We need to compare the left-hand derivative (LHD) and the right-hand derivative (RHD) at each point.

• At $x = -2$:

  • For $x < -2$, $f(x) = 8 + 2x$. The derivative is $f'(x) = 2$. So, LHD at $x=-2$ is $2$.
  • For $x > -2$ (and $x \le -1$), $f(x) = x^2$. The derivative is $f'(x) = 2x$. So, RHD at $x=-2$ is $2(-2) = -4$. Since LHD ($2$) $\ne$ RHD ($-4$), $f(x)$ is not differentiable at $x = -2$.

• At $x = -1$:

  • For $x < -1$ (and $x \ge -2$), $f(x) = x^2$. The derivative is $f'(x) = 2x$. So, LHD at $x=-1$ is $2(-1) = -2$.
  • For $x > -1$ (and $x < 1$), $f(x) = |x|$.
    • For $-1 < x < 0$, $f(x) = -x$, so $f'(x) = -1$.
    • For $0 < x < 1$, $f(x) = x$, so $f'(x) = 1$. The RHD at $x=-1$ is the derivative of $|x|$ as $x$ approaches $-1$ from the right.

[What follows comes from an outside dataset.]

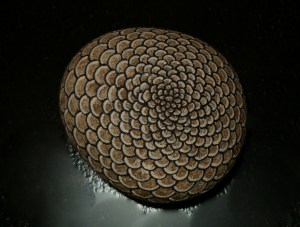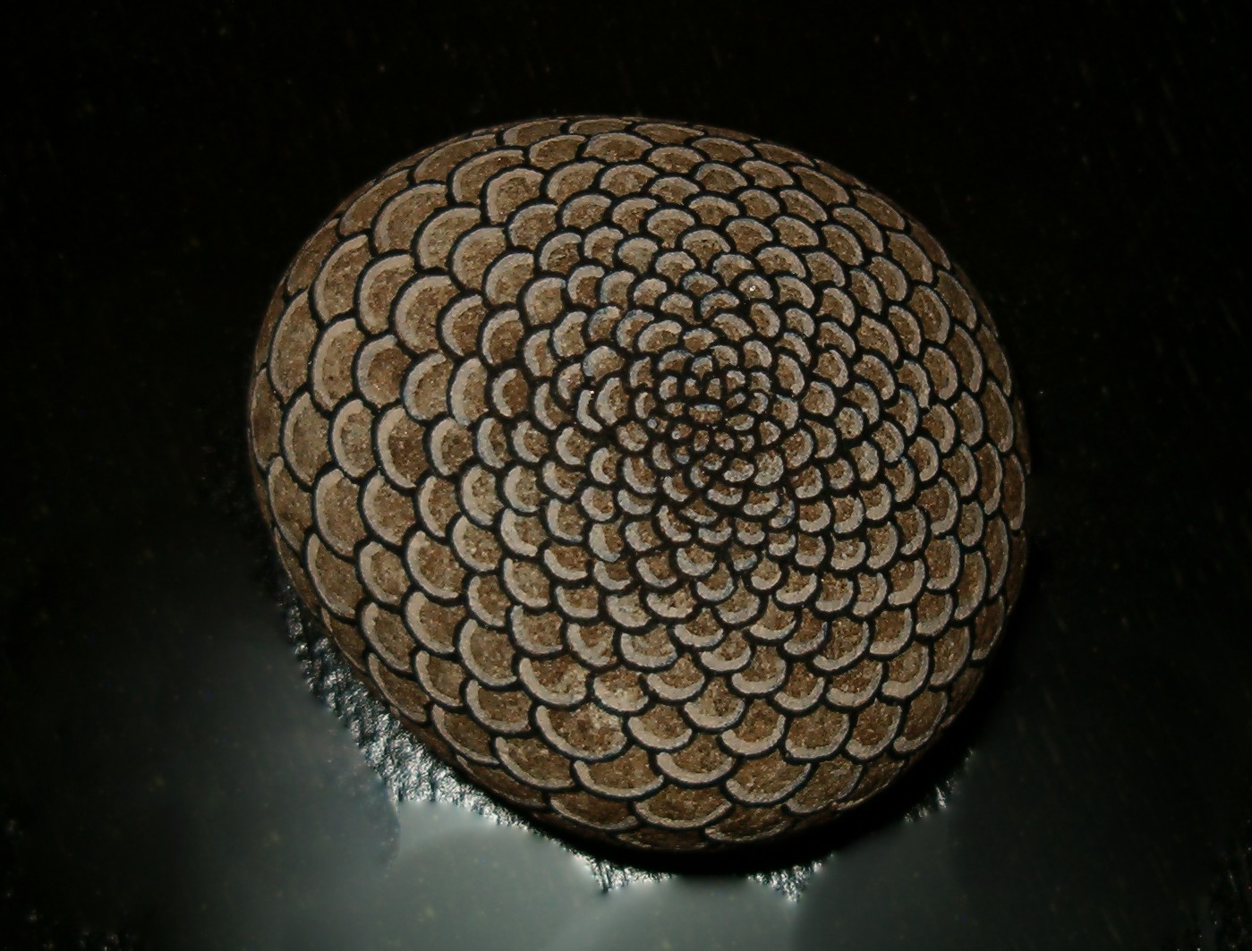 Along the way I painted some “natural” stones. These stones have minimal paint on them. The design is done in permanent ink and then it is highlighted with a paint that complements the natural color of the stone. Most of the color you see is purely natural. This one reminds me of a pinecone.

Since $-1 < x < 0$, $f(x) = -x$, so the derivative is $-1$. Thus, RHD at $x=-1$ is $-1$. Since LHD ($-2$) $\ne$ RHD ($-1$), $f(x)$ is not differentiable at $x = -1$.

• At $x = 0$:

  • The function in the neighborhood of $x=0$ is $f(x) = |x|$.
  • The function $|x|$ is known to be not differentiable at $x=0$.
  • Let's verify:
    • LHD at $x=0$: $\lim_{h \to 0^-} \frac{f(0+h) - f(0)}{h} = \lim_{h \to 0^-} \frac{|h| - 0}{h} = \lim_{h \to 0^-} \frac{-h}{h} = -1$.
    • RHD at $x=0$: $\lim_{h \to 0^+} \frac{f(0+h) - f(0)}{h} = \lim_{h \to 0^+} \frac{|h| - 0}{h} = \lim_{h \to 0^+} \frac{h}{h} = 1$. Since LHD ($-1$) $\ne$ RHD ($1$), $f(x)$ is not differentiable at $x = 0$.

• At $x = 1$:

  • For $x < 1$ (and $x > -1$), $f(x) = |x|$.
    • For $0 < x < 1$, $f(x) = x$, so $f'(x) = 1$. The LHD at $x=1$ is the derivative of $|x|$ as $x$ approaches $1$ from the left. Since $0 < x < 1$, $f(x) = x$, so the derivative is $1$. Thus, LHD at $x=1$ is $1$.
  • For $x > 1$ (and $x \le 2$), $f(x) = x^2$. The derivative is $f'(x) = 2x$. So, RHD at $x=1$ is $2(1) = 2$. Since LHD ($1$) $\ne$ RHD ($2$), $f(x)$ is not differentiable at $x = 1$.

• At $x = 2$:

  • For $x < 2$ (and $x \ge 1$), $f(x) = x^2$. The derivative is $f'(x) = 2x$. So, LHD at $x=2$ is $2(2) = 4$.
  • For $x > 2$, $f(x) = 8 - 2x$. The derivative is $f'(x) = -2$. So, RHD at $x=2$ is $-2$. Since LHD ($4$) $\ne$ RHD ($-2$), $f(x)$ is not differentiable at $x = 2$.

Step 3: Identify the set S.

The set S is the set of points in the interval (– 4, 4) at which f is not differentiable. From our analysis, the points are $x = -2, -1, 0, 1, 2$.

Therefore, $S = \{-2, -1, 0, 1, 2\}$.

Common Mistakes & Tips

• Forgetting to check continuity first: If a function is not continuous at a point, it cannot be differentiable there. While we checked continuity here, it's a good first step.
• Incorrectly defining $|x|$ in piecewise form: Remember $|x| = x$ for $x \ge 0$ and $|x| = -x$ for $x < 0$. This is crucial when dealing with intervals involving negative numbers.
• Assuming differentiability of standard functions within intervals: While $x^2$ is differentiable everywhere and $|x|$ is differentiable everywhere except $x=0$, you still need to check differentiability at the junction points of the piecewise definition. The derivative of $|x|$ from the left and right at $x=0$ are $-1$ and $1$ respectively.

Summary

We first correctly expanded the piecewise definition of $f(x)$ by analyzing the $\max\{|x|, x^2\}$ and $8 - 2|x|$ conditions over the given intervals. We identified the critical points where differentiability might fail: the points where the function definition changes ($x=-2, -1, 1, 2$) and points where the constituent functions are not differentiable ($x=0$ for $|x|$). We then checked for continuity at these points, which was confirmed. Finally, we calculated the left-hand and right-hand derivatives at each critical point and found that they were unequal at $x = -2, -1, 0, 1, 2$. Thus, these points constitute the set S of non-differentiable points.

The final answer is $\boxed{\left\{ { - 2, - 1,0,1,2} \right\}}$. This corresponds to option (B).